Господи, когда она в последний раз слышала эту песню? Во времена Рональда Рейгана, тогда народ еще смотрел «Семейные узы» [5] по ТВ… и думая о пропасти в культуре и прогрессе, она не могла представить, сколько всего изменилось для тех, кто был заключен здесь. Ради всего святого, когда Саймон Ле Бон [6] пел о том, насколько он голоден, еще не изобрели Интернет, слово «Амазон» ассоциировалось только с джунглями, а от электричества питали пылесосы, а не автомобили.
5
«Семейные узы» — американский ситком, выходивший на канале NBC с 1982 по 1989 года. Сериал отражает процесс перехода либерализма 1960-х и 1970-х к консерватизму 1980-х в США.
6
Саймон Джон Чарльз Ле Бон — британский певец и музыкант, вокалист New Wave-группы Duran Duran.
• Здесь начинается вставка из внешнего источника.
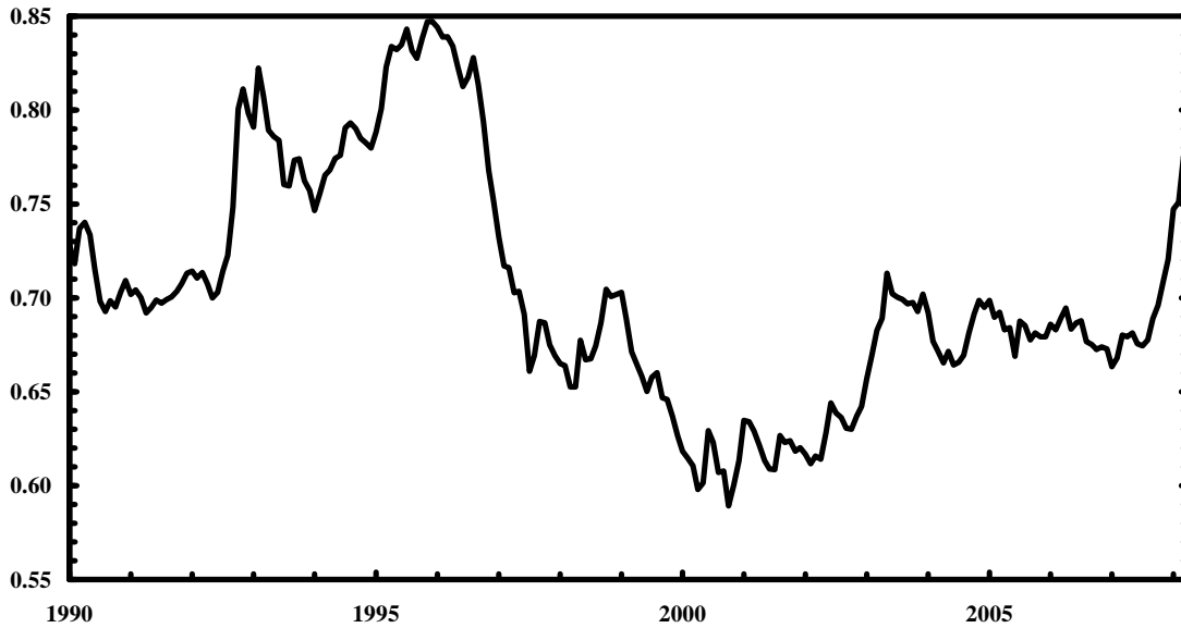
Figure 1. U.K./euro area exchange rate, 1990–2008 (pound sterling received per euro)

Жанель пропустила так много…
Сквозь арочный проем она увидела, как мимом проходит фигура в мантии, с низко опущенной
Это наверняка была женщина.
— Жанель? — прошептала она.
Никс выбралась из-под койки так, словно бежала на пожар, и когда ее рюкзак зацепился за что-то, она быстро сбросила его, оставляя вместе с ветровкой. Вскочив на ноги, она выпрыгнула из камеры и повернула направо. Бежать было недалеко, и, оказавшись в пределах досягаемости, она схватила фигуру за рукав мантии.
— Жанель?
Фигура остановилась. Повернулась.
— Это я, Никс…
Когда женщина подняла взгляд, капюшон приподнялся, и свет потолочных ламп осветил лицо. Никс охнула и отскочила назад.
У женщины не было одного глаза, и за этой раной плохо ухаживали, глазница была зашита черными нитками, которые не сняли, даже когда кожа затянулась. Рот также был изуродован, часть верхней губы отсутствовала, обнажая гнилые зубы и серые челюсти.
Из-под капюшона донесся рык бродячей собаки, и то, что осталось ото рта, приподнялось…
Что-то розовое застряло в сколотых зубах. Куски… мяса?
— Так-так, — протянул мужской голос. — Иди куда шла. Я знаю, ты не голодна. Видел, как ты только что ела.
Никс не стала оборачиваться и смотреть на того, кто решил вмешаться. Она была слишком озабочена тем, не собьют ли ее с ног, чтобы сожрать ее лицо на десерт.
Спустя напряженное мгновение… в течение которого с этого подбородка закапала слюна, а глаз туда-сюда смотрел то на Никс, то на мужчину позади нее… женщина опустила взгляд и тихо ушла.
Когда волна облегчения сменилась паникой, Никс повернулась, чтобы поблагодарить…
Заключенный, вставший на ее защиту, был огромным, и это объясняло, почему женщина со шрамами сложила два плюс два и решила уйти. Но он не был спасителем. Он стоял, буднично прислонившись к каменной стене, его сияющий желтый взгляд из-под опущенных век был оценивающим, а мускулистое тело могло дать ему все, что он только пожелает.
И предупреждения о новых знакомствах были кстати. Этот хищник не стремился пожать ей руку.
— Кажется, я не видел тебя здесь раньше, — сказал он.
Никс посмотрела на камеру, из которой вышла. Подумала о своем рюкзаке. Об относительной безопасности, которую оставила так безрассудно.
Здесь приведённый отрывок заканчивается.